Switch action of troponin on muscle thin filament as revealed by spin labeling and pulsed EPR

Abstract

We have used pulsed electron-electron double resonance (PELDOR) spectroscopy to measure the distance between spin labels at Cys(133) of the regulatory region of TnI (TnI133) and a native or genetically substituted cysteine of TnC (TnC44, TnC61, or TnC98). In the +Ca(2+) state, the TnC44-TnI133-T distance was 42 A, with a narrow distribution (half-width of 9 A), suggesting that the regulatory region binds the N-lobe of TnC. Distances for TnC61-TnI133 and TnC98-TnI133 were also determined to be 38 A (width of 12 A) and 22 A (width of 3.4 A), respectively. These values were all consistent with recently published crystal structure (Vinogradova, M. V., Stone, D. B., Malanina, G. G., Karatzaferi, C., Cooke, R., Mendelson, R. A., and Fletterick, R. J. (2005) Proc. Natl Acad. Sci. U.S.A. 102, 5038-5043). Similar distances were obtained with the same spin pairs on a reconstituted thin filament in the +Ca(2+) state. In the -Ca(2+) state, the distances displayed broad distributions, suggesting that the regulatory region of TnI was physically released from the N-lobe of TnC and consequently fluctuated over a variety of distances on a large scale (20-80 A). The interspin distance appeared longer on the filament than on troponin alone, consistent with the ability of the region to bind actin. These results support a concept that the regulatory region of TnI, as a molecular switch, binds to the exposed hydrophobic patch of TnC and traps the inhibitory region of TnI away from actin in Ca(2+) activation of muscle.

FIGURE 1.

Analysis of the PELDOR spectra of doubly labeled TnC and TnI in the reconstituted heterotrimer complex. Spectra were taken with a four-pulse sequence, both in the presence (red line) and absence (blue line) of Ca²⁺ ions at 80 K. Spin pairs were analyzed between Cys¹³³ in TnI and three different residues in TnC: Cys⁴⁴ (a), Cys⁶¹ (b), and Cys⁹⁸ (c). For each pair, the left panel compares the experimental spectrum modulation of the doubly labeled complex (dotted line) with the fitted spectrum modulation (continuous line).

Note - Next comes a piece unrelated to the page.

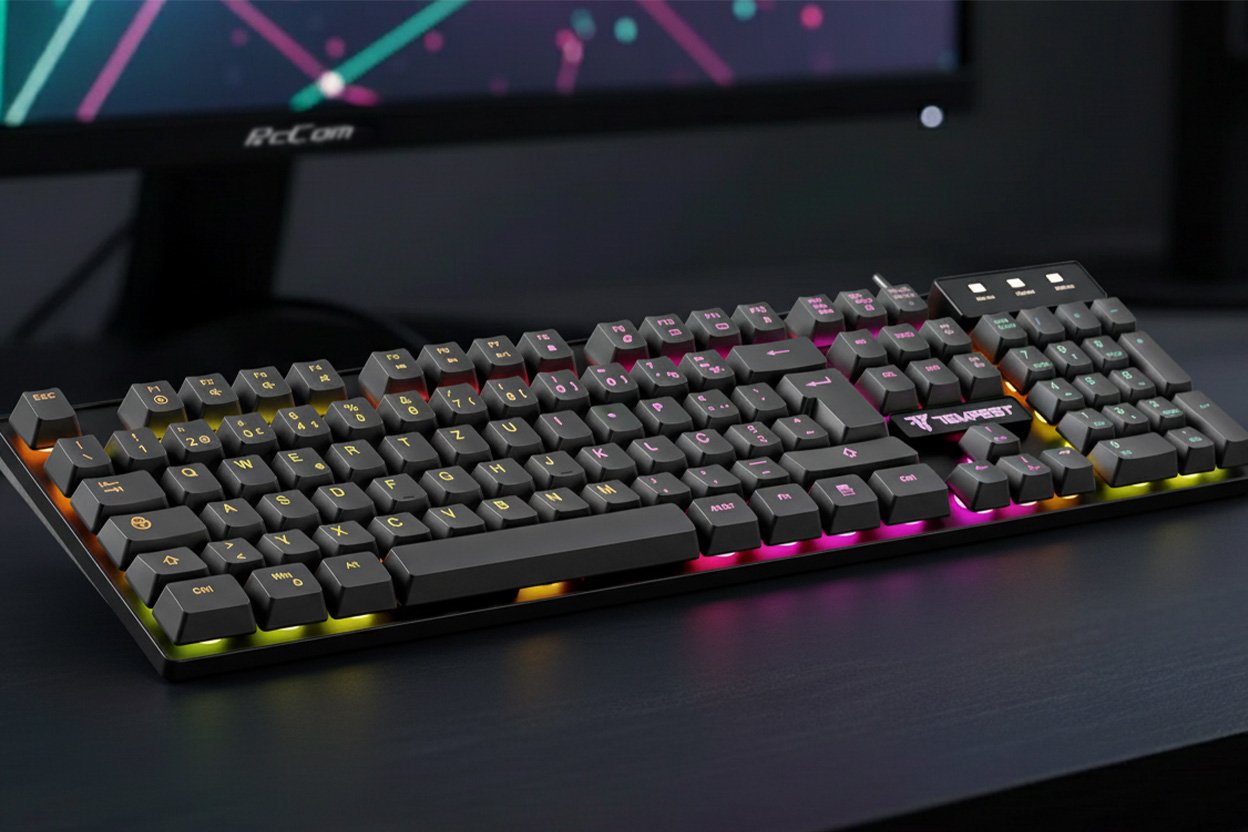 Teclado de membrana com 104 teclas, 19 anti-ghosting e retroiluminação arco-íris, oferecendo durabilidade, precisão e visibilidade a todo o momento

The single or double Gaussian distribution shown in the right panel fits the experimental spectra satisfactorily. In the right panel of a, a second population (56%) of widely separated noninteracting spins (>80 Å) in addition to the single Gaussian distribution is needed (not shown) to obtain the best fit for the complex in the −Ca²⁺ state (blue line).

FIGURE 2.

Analysis of the PELDOR spectra of interacting doubly labeled troponin C and I in the reconstituted thin filament. The spectra were taken in the presence (red line) and absence (blue line) of Ca²⁺ ions and are shown as described in Fig. 1. Spin pairs were between Cys¹³³ in TnI and two different residues in TnC: Cys⁴⁴ (a) and Cys⁶¹ (b).

FIGURE 3.

Proposed conformations of TnC and TnI in the heterotrimer complex (a) and in the thin filament (b). a, in the presence of Ca²⁺ ions, the switch segment adjacent to Cys¹³³ of TnI is attached to N-lobe of TnC, which is in the open state in the presence of Ca²⁺ ions as in the crystal structure. In the absence of Ca²⁺ ions, the switch segment is dissociated from the N-lobe, which is in the closed state and remains mobile. b, the same bond is made in the presence of Ca²⁺ ions, whereas the C-terminal region proximal to Cys¹³³ may interact with actin in the absence of Ca²⁺ ions. The structures of the ternary TnC-TnI-TnT2 complexes in the presence and absence of Ca²⁺ ions are modified from the PDB codes 1YTZ and 1YVO, respectively. Only one of the two troponin complexes is shown, drawn with an α-carbon ribbon model. TnC is in purple, TnI is in light blue, and TnT is in dark yellow. The residues Gly⁴⁴, Ala⁶¹, and Glu⁹⁸ of chicken TnC and Asn¹³³ of chicken TnI are shown with a space-filling model. The C-terminal extension (a putative second actin-binding domain) of TnI and N-terminal extensions of TnT (TnT1) are drawn schematically as ellipsoids. The shaded regions indicate two putative TnI-actin interactions in the thin filament in the −Ca²⁺ state. Tropomyosin strands and six actin protomers are drawn as brown sticks and light blue spheres, respectively.